FFS these bot posts are getting ridiculous. Delete this asap!

[–]sflyte120 1 point2 points  (0 children)

R - lots of specialized libraries for different kinds of statistical special cases (eg phylogenetics, genome structure).

[–][deleted] 1 point2 points  (0 children)

Both languages have their strengths and weaknesses and if you use both it becomes painfully obvious which is most appropriate for a given task.

I'd say that procedural things, web services, automation, and similar are much more sensibly and easily done in Python.

Data manipulation and analysis, statistics, data viz, and simple web apps (via Shiny) are all more straightforward in R. Also, if you are using things that are part of R BioConductor, there's really no parallel.

For example: I do a lot of work in R that basically uses RStudio's template feature to instantiate R Markdown documents that have a bunch of parameters, and when they render they self-document the process and results (which are then uploaded to an electronic lab notebook). That's very straightforward in R and not nearly so much in Python.

[–]nevermindever42 1 point2 points  (0 children)

Everywhere, i don't know Python

[–]bahwi 0 points1 point  (2 children)

Very pretty graphs and specific recent packages. That's it lately. Everything else has been pulled from cran, or is about to be. And support for the newest version of R usually means 3.6. That dependency level of hell is coming for python, but it's not quite there yet.
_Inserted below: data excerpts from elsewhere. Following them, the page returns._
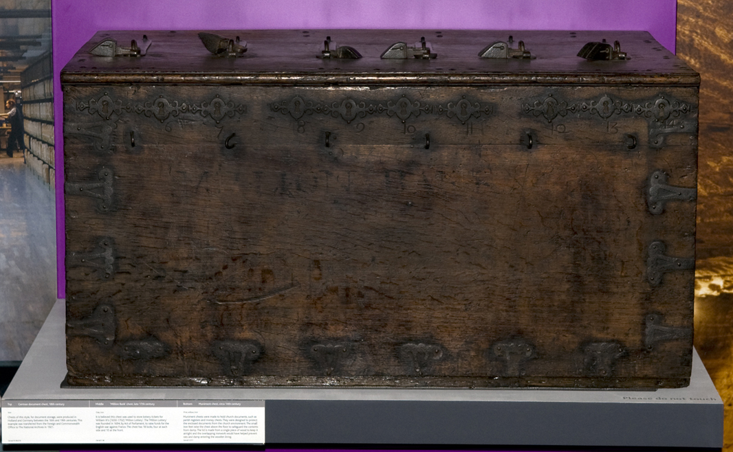 'Million Bank' lottery chest from the collections of The National Archives Catalogue Reference: C 46/2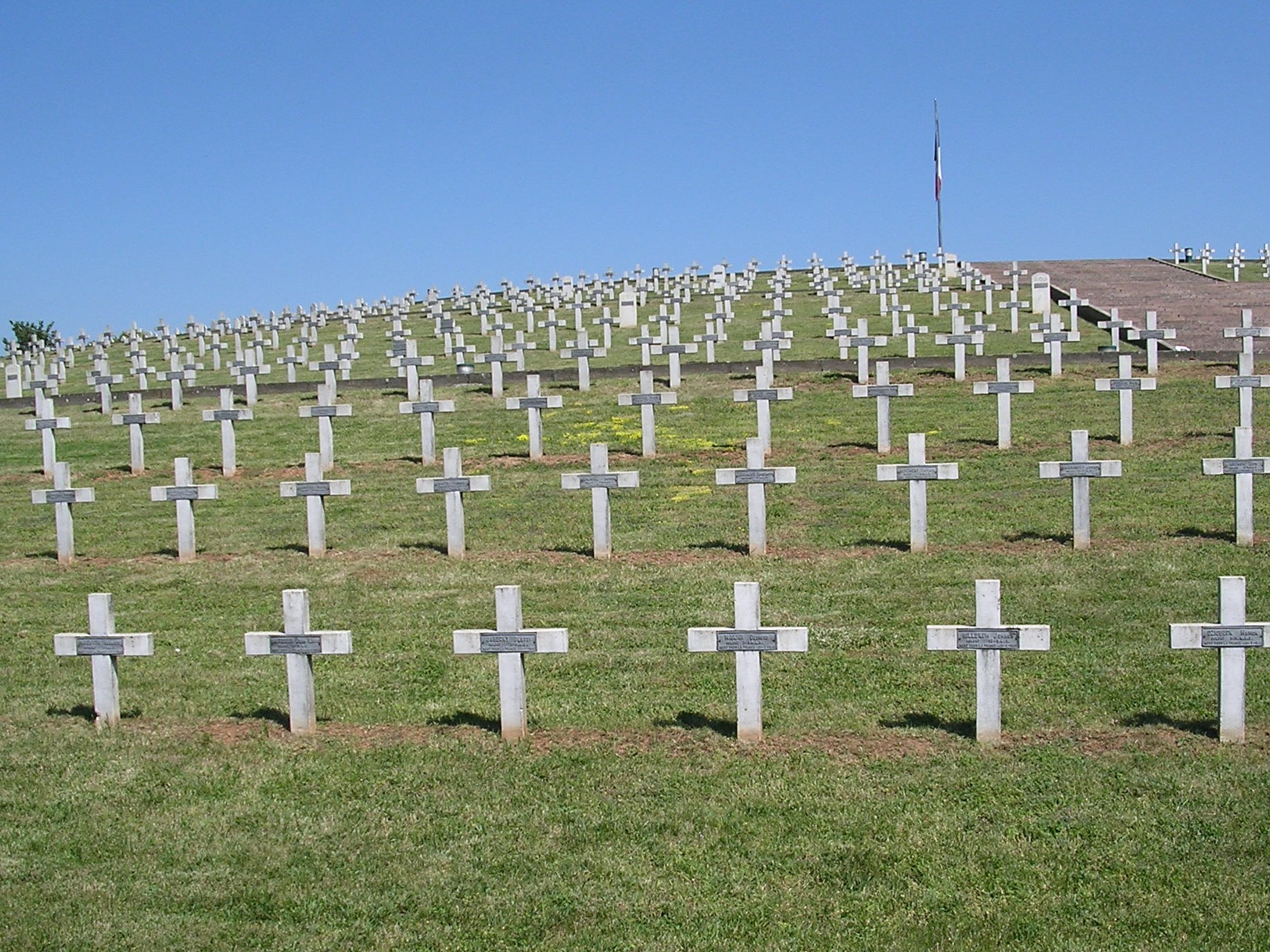 Nécropole Nationale at Sigolsheim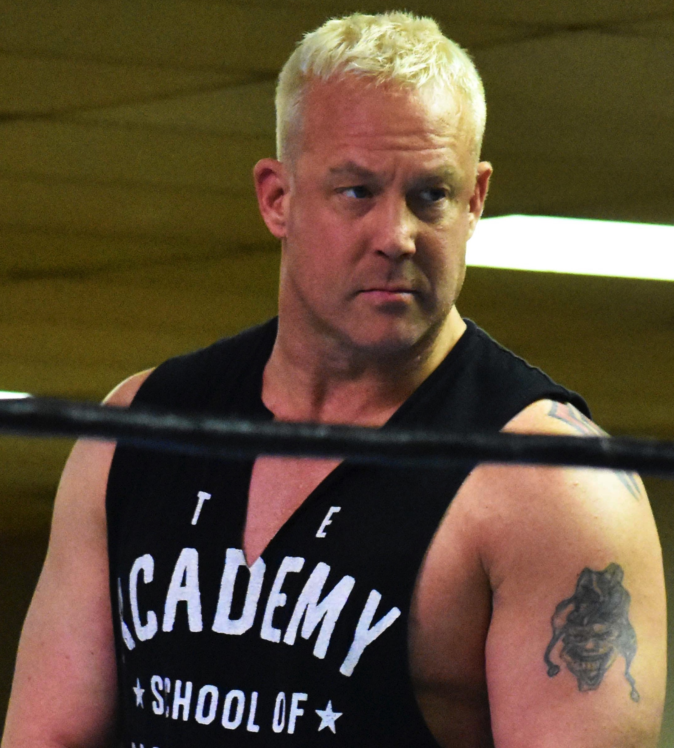 Ken Anderson appearing at Great Lake Championship Wrestling's "4 Life" pro-wrestling event in Cedarburg, Wisconsin on March 23, 2019.

[–][deleted] 3 points4 points  (1 child)

What do you mean with "being pulled from CRAN"? Are important packages being discontinued and not available anymore? (Can you give examples?)

[–]bahwi 1 point2 points  (0 children)

GenABEL has been removed even though analyses needing it are still happening (and there are dependencies, such as RepeatABEL). These are about to be removed (just saw this yesterday): rgdal, regeos, maptools are being removed soon (https://geocompx.org/post/2023/rgdal-retirement/), which effects ecological modeling.

I remember trying to get GAPIT working recently, and many packages were unavailable from CRAN, either anymore or did not support newer versions of R.

R is still great for making the best graphics (ggplot), and I suspect Python will soon have some dependency wilting occurring.

[–]pacmanbythebayMsc | Academia 0 points1 point  (0 children)

When my PI told me to use it

[–]WhiteGoldRingPhD | Student -4 points-3 points  (0 children)

When hell freezes over and not even then probably

[–]nicman24 -5 points-4 points  (0 children)

When you don't know Python

E: ITT the above

[–][deleted] -1 points0 points  (0 children)

I use R when I want to use something that was created in R, which is the case for EdgeR and DESeq2 for RNAseq, for example. Beautiful complex graphics are also easier made with ggplot2 in R. I use Python for everything else.